## PROBLEM
In the entries that follow, find the line containing "Custom birthday dinner" and the line containing "ก่อนหน้านี้ Facebook ได้ปล่อยคุณสมบัติ", then copy exactly everything from the first through the second except the pictures.

## RECORDS FOR PROCESSING
════
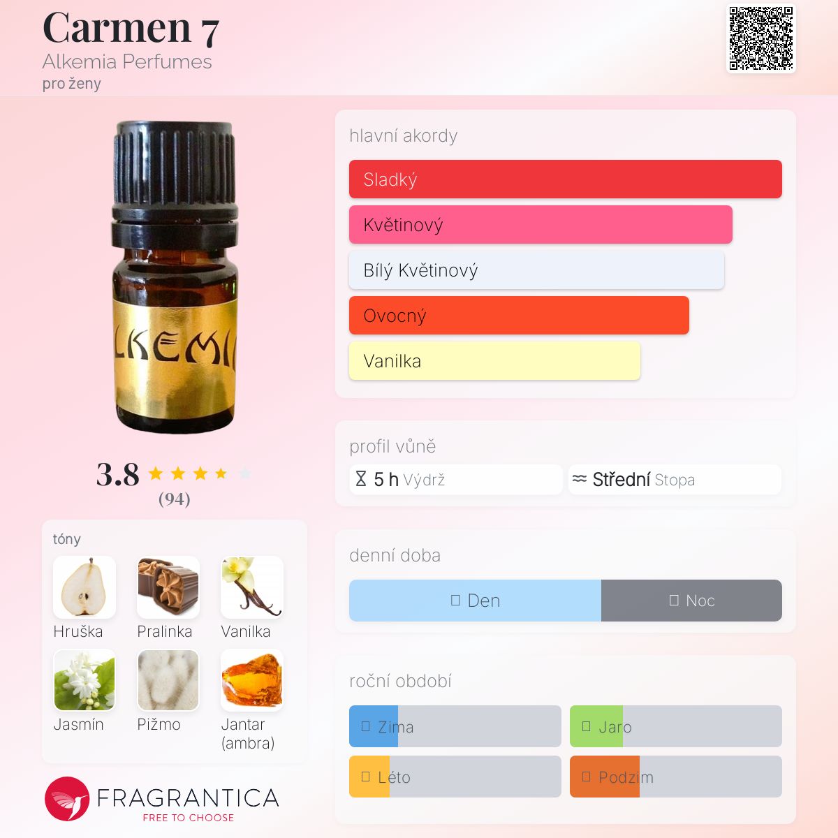 Carmen 7 podle Alkemia Perfumes je Floral Fruity Gourmand vůně pro ženy. Carmen 7 byl/a uveden/a v roce 2014. "Nosem" za touto vůní je Sharra Lamoureaux. Vrchní tóny jsou Hruška, Pralinka, Bourbonská vanilka, Mandlový květ , Liči a Kořeněné tóny; střední tóny jsouJasmín mnohokvětý, Magnólie a Gardénie ; základní tóny jsou Pižmo a Jantar (ambra).
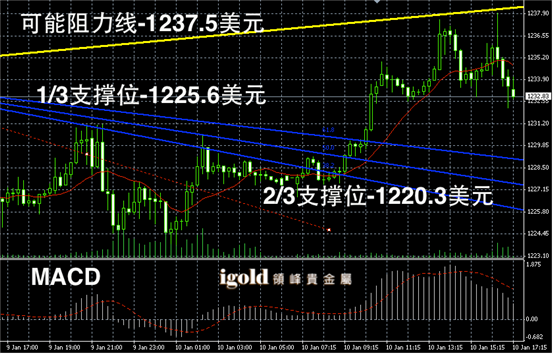黄金阴阳烛录得阳烛增多,后期柱体高于红色日平均移动线,短线MACD显示弱势多头主导,后期黄金价格可能继续在1230美元附近整理震荡。
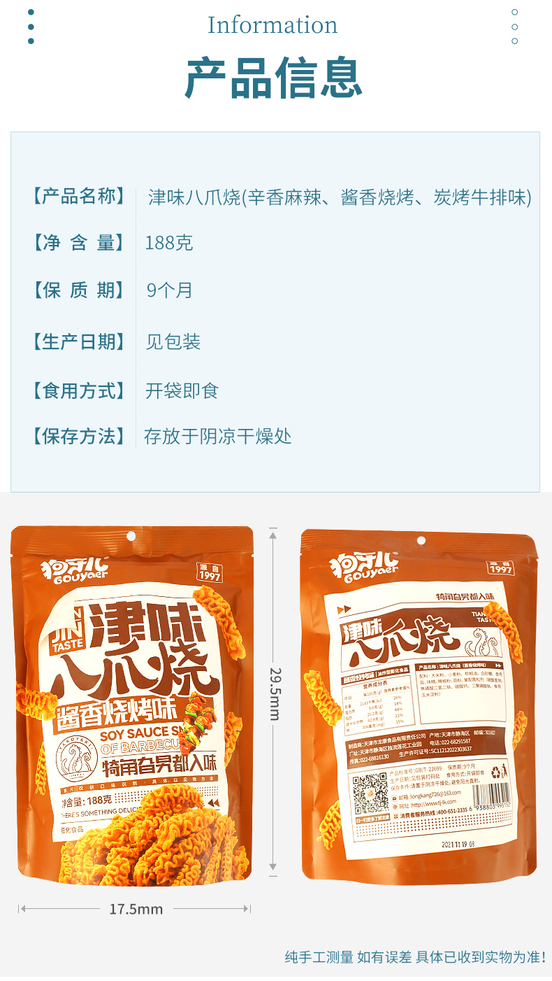 狗牙兒八爪燒188g*3袋鍋巴吃貨8090后懷舊兒時小零食小吃休閑食品
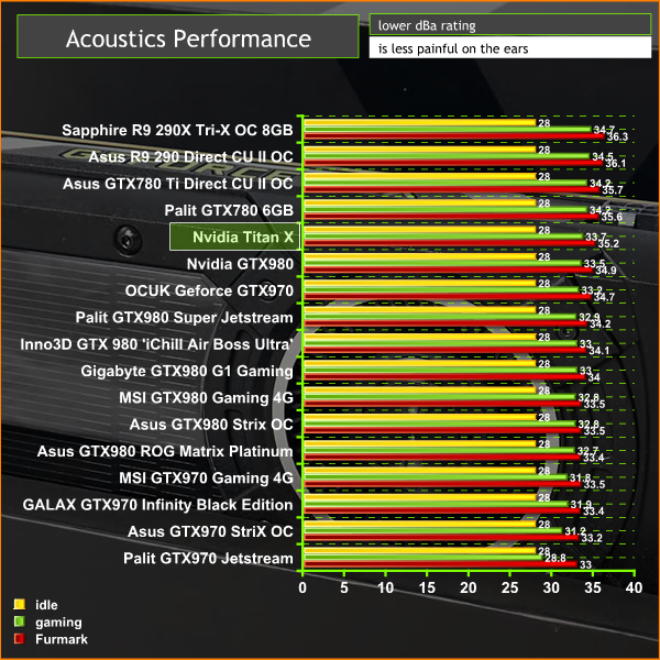 The Titan X is using a reference Nvidia cooler, which while not quite at the same level as modified solutions from Nvidia partners, handles the task reasonably well. We wouldn't say this was the quietest card we have ever tests, however fan noise is not that intrusive.
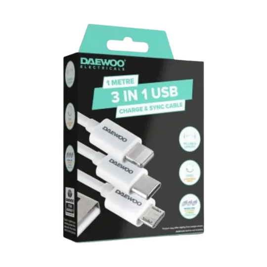 1 Metre 3 In 1 USB Charge And Sync Cable Daewoo
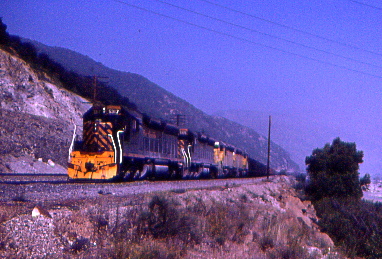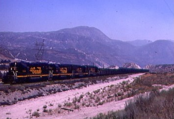5/31/1982 -- Denver and Rio Grande Western SD45 5317, built by Electro-Motive Division in 1967 and retired in 1995, drifted by the former Cajon Campground. It was sold to Progress Rail in October 1995 then to National
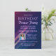 Custom birthday dinner party invitation with purple and blue gradient background. Features fully editable lines to personalise for birthday party or any occasion, including guest of honour's photo, party details, RSVP, and more info. Available for print and instant download.
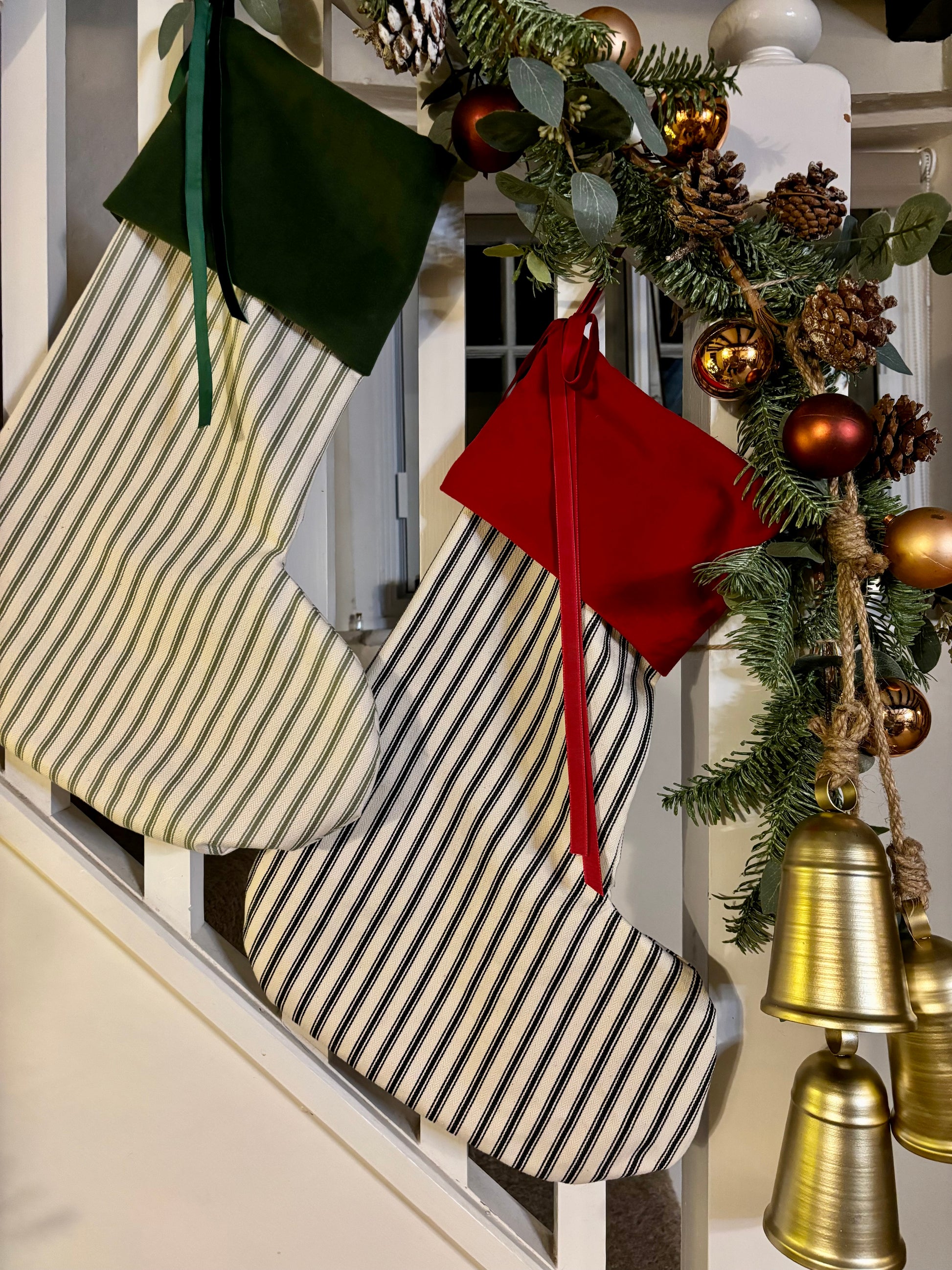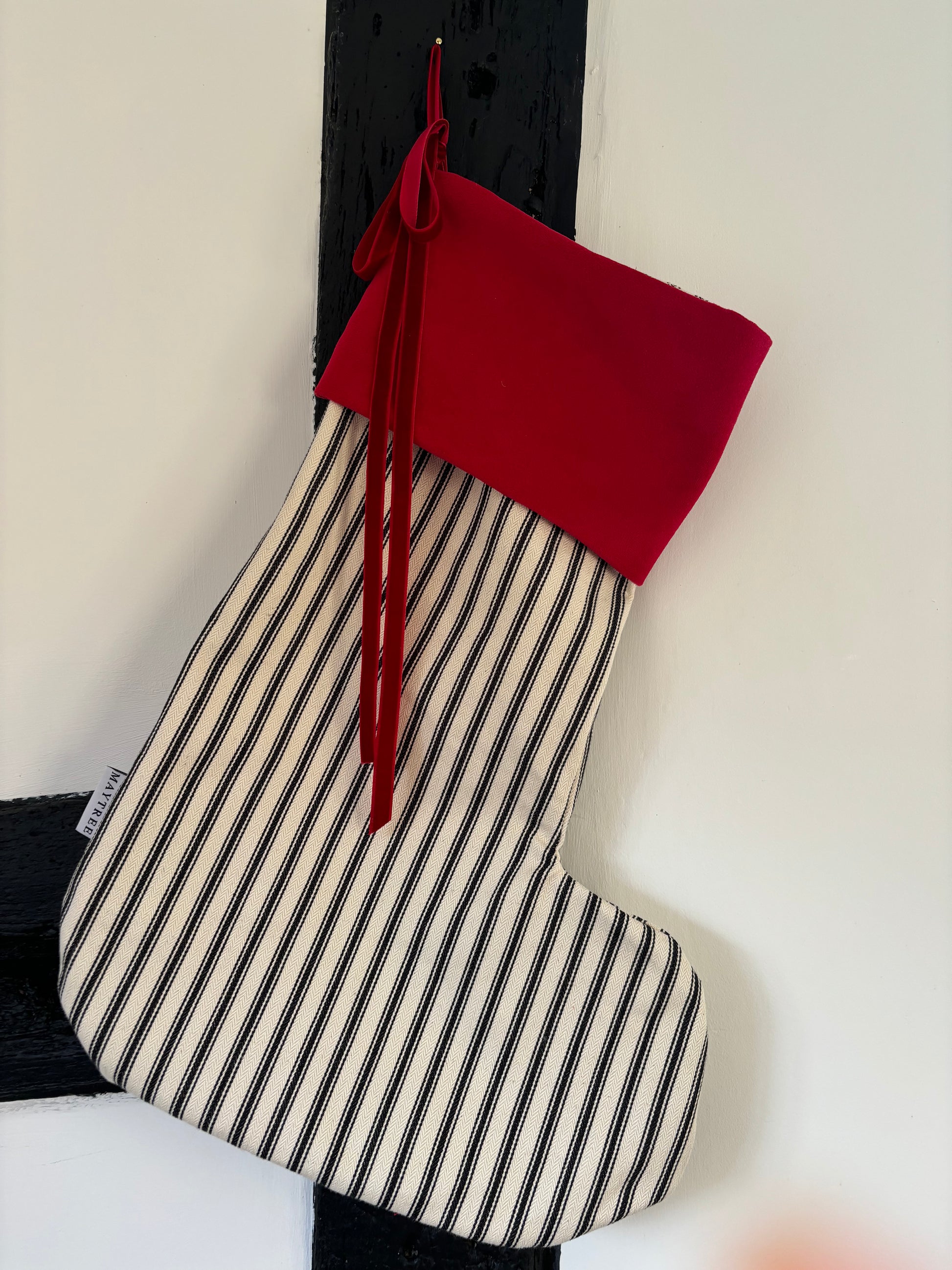 Mince pies, warm milk, festive reindeer food, and a cosy Maytree stocking are exactly what you need to truly welcome the magic that this wonderful Christmas season brings. The Noel stocking, adorned in beautiful black and off-white ticking stripes, is elegantly complemented by a rich and luxurious red velvet trim. Featuring a delicate red velvet bow that gracefully drapes down the side, it’s everything you could possibly desire this holiday season, adding a delightful touch to your celebrations.
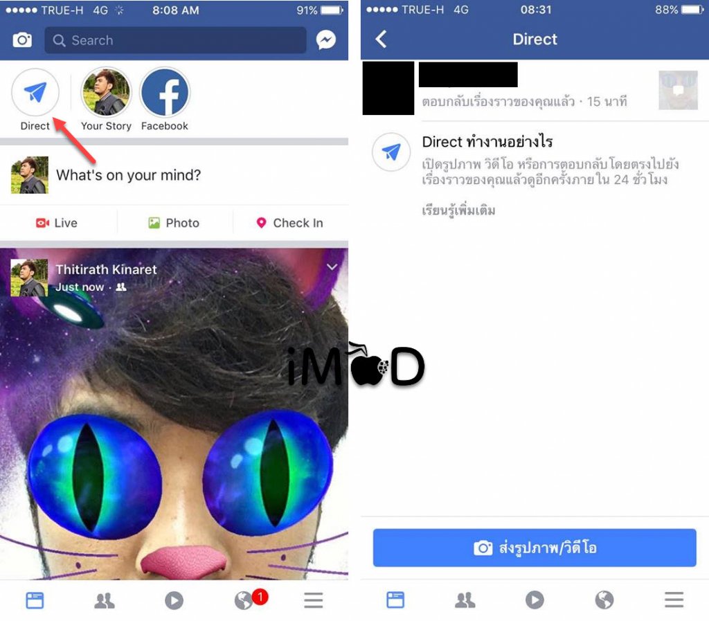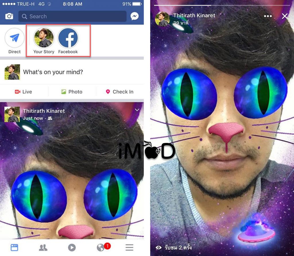 ก่อนหน้านี้ Facebook ได้ปล่อยคุณสมบัติ Story ในแอป Facebook ให้กับผู้ใช้บางกลุ่ม ล่าสุดคุณสมบัติ เอฟเฟกซ์กล้อง, แชร์ Story และ Direct คอมเม้นส่งข้อความ ถูกเปิดให้ใช้งานผ่านแอป Facebook แล้ว
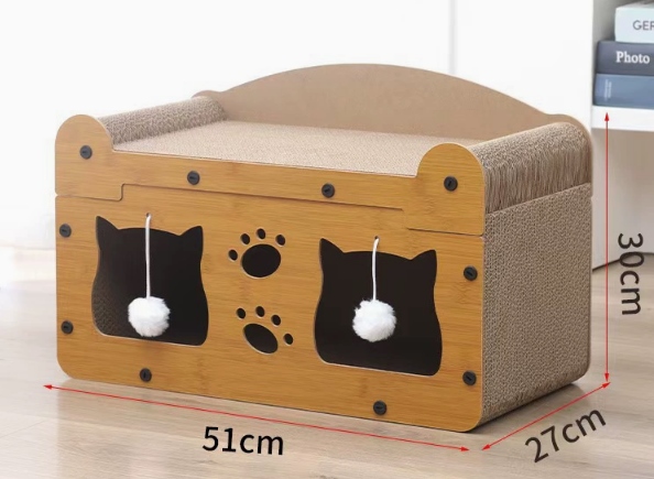 Domek oferuje kotu bezpieczną przestrzeń do odpoczynku oraz kryjówkę, w której pupil poczuje się swobodnie i bezpiecznie. Górna i boczne części wykonane z tekturowego drapaka wspierają naturalny instynkt drapania i pomagają w pielęgnacji pazurków. Dodatkową atrakcją są zawieszone kulki – zachęcające kota do aktywnej zabawy.
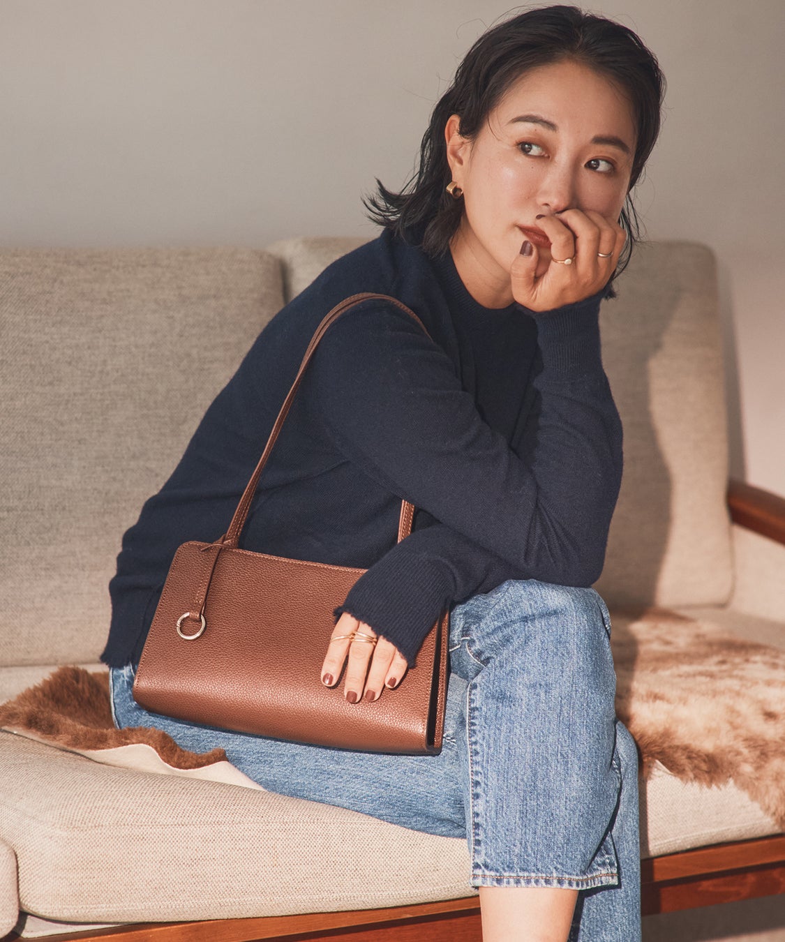 石岡真実さんと一緒に作ったシンプルでスタイリッシュなレザーバッグ。 どんな装いにもすんなり馴染む万能なレザーバッグが出来ました!
════
## RESULT BELOW
 Custom birthday dinner party invitation with purple and blue gradient background. Features fully editable lines to personalise for birthday party or any occasion, including guest of honour's photo, party details, RSVP, and more info. Available for print and instant download.
 Mince pies, warm milk, festive reindeer food, and a cosy Maytree stocking are exactly what you need to truly welcome the magic that this wonderful Christmas season brings. The Noel stocking, adorned in beautiful black and off-white ticking stripes, is elegantly complemented by a rich and luxurious red velvet trim. Featuring a delicate red velvet bow that gracefully drapes down the side, it’s everything you could possibly desire this holiday season, adding a delightful touch to your celebrations.
 ก่อนหน้านี้ Facebook ได้ปล่อยคุณสมบัติ Story ในแอป Facebook ให้กับผู้ใช้บางกลุ่ม ล่าสุดคุณสมบัติ เอฟเฟกซ์กล้อง, แชร์ Story และ Direct คอมเม้นส่งข้อความ ถูกเปิดให้ใช้งานผ่านแอป Facebook แล้ว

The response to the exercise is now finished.